Die Autor*innen wünschen sich, das haben sie in Interviews zum Buch gesagt, dass Olaf Scholz bestraft werden wird. Für Anweisungen, die man ihm nicht nachweisen kann. Ich muss die beiden enttäuschen: Scholz wird damit durchkommen. Er hat es entweder zu clever angestellt oder aber seine Behördenmitarbeiter*innen sind aus eigenem Antrieb so unternehmensfreundlich, dass keine Anweisungen von oben notwendig sind. Für letztere Wahrheit spricht sehr viel, wenn man das Buch gelesen hat.
Es gibt zwei Punkte Abzug für zu viele Wiederholungen und Redundanz. Für Storytelling und die dadurch bedingte leichte Lesbarkeit gibt es hingegen die dann noch verbleibende volle Punktzahl.
Es hat mich zwar knapp vier Monate gekostet, dass Buch zu lesen, weil es eig in jedem Kapitel nur vor Inhalt wimmelt, aber sehr gute Genese. Es versucht sich dem Thema investigativ zu nähern. Ich hatte nicht das Gefühl, dass es voreingenommen ist, sondern lediglich die Fakten und Hinweise abarbeiten und sowohl negatives als auch Positives einordnet. Absolute Leseempfehlung.
Die Cum-Ex Files fand ich besser. Hier war für die Länge des Buches dann am Ende doch ein bisschen wenig dahinter. Aber trotzdem interessant, ein bisschen über den Modus Operandi und die Menschen, mit denen Scholz sich umgibt, zu lesen.
Gut geschriebenes Buch. Spannend was für Informationen aus den 3+ Jahre Recherchen rausgekommen sind. Scheint als ob Cum Ex die SPD und Ihre Spitzenpolitiker für lange Zeit verfolgen wird.

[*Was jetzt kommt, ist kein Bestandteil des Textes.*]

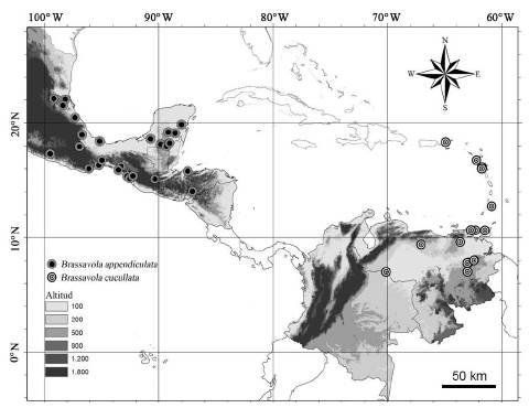 Comentarios taxonómicos. Esta especie ha sido tradicionalmente considerada bajo el nombre Brassavola cucullata (L.) R. Br., sin embargo, luego de la revisión taxonómica aquí presentada se esclarece que el nombre Brassavola cucullata, descrito originalmente por Plumier (1703), corresponde a las poblaciones morfológicamente diferentes provenientes de las Antillas. El nombre Brassavola appendiculata A. Rich. & Galeotti, corresponde a las plantas distribuídas desde el Norte México hasta Nicaragua.

Ein erstes Fazit nach 100 Seiten: Ich hatte mir von dem Buch etwas mehr erwartet, bis jetzt erfüllt es diese Erwartungen nicht. Denn sehr viele der Sach-Informationen waren bisher auch in den Medien/im Netz bereits nachzulesen. Ein kleiner Mehrwert entsteht dadurch, dass die Handlungen bzw. das Miteinander der einzelnen Personen dargestellt werden. Fazit am Ende des Buches: Nach ca. 150 Seiten nimmt das Buch noch einmal "etwas Fahrt auf" und schildert die Ereignisse im Cum-Ex-Komplex in der zeit der Kanzlerkandidatur und Wahl. Hier ist die Gegenüberstellung der Aussagen der betreffenden Personen mit früheren/späteren Aussagen sehr interessant.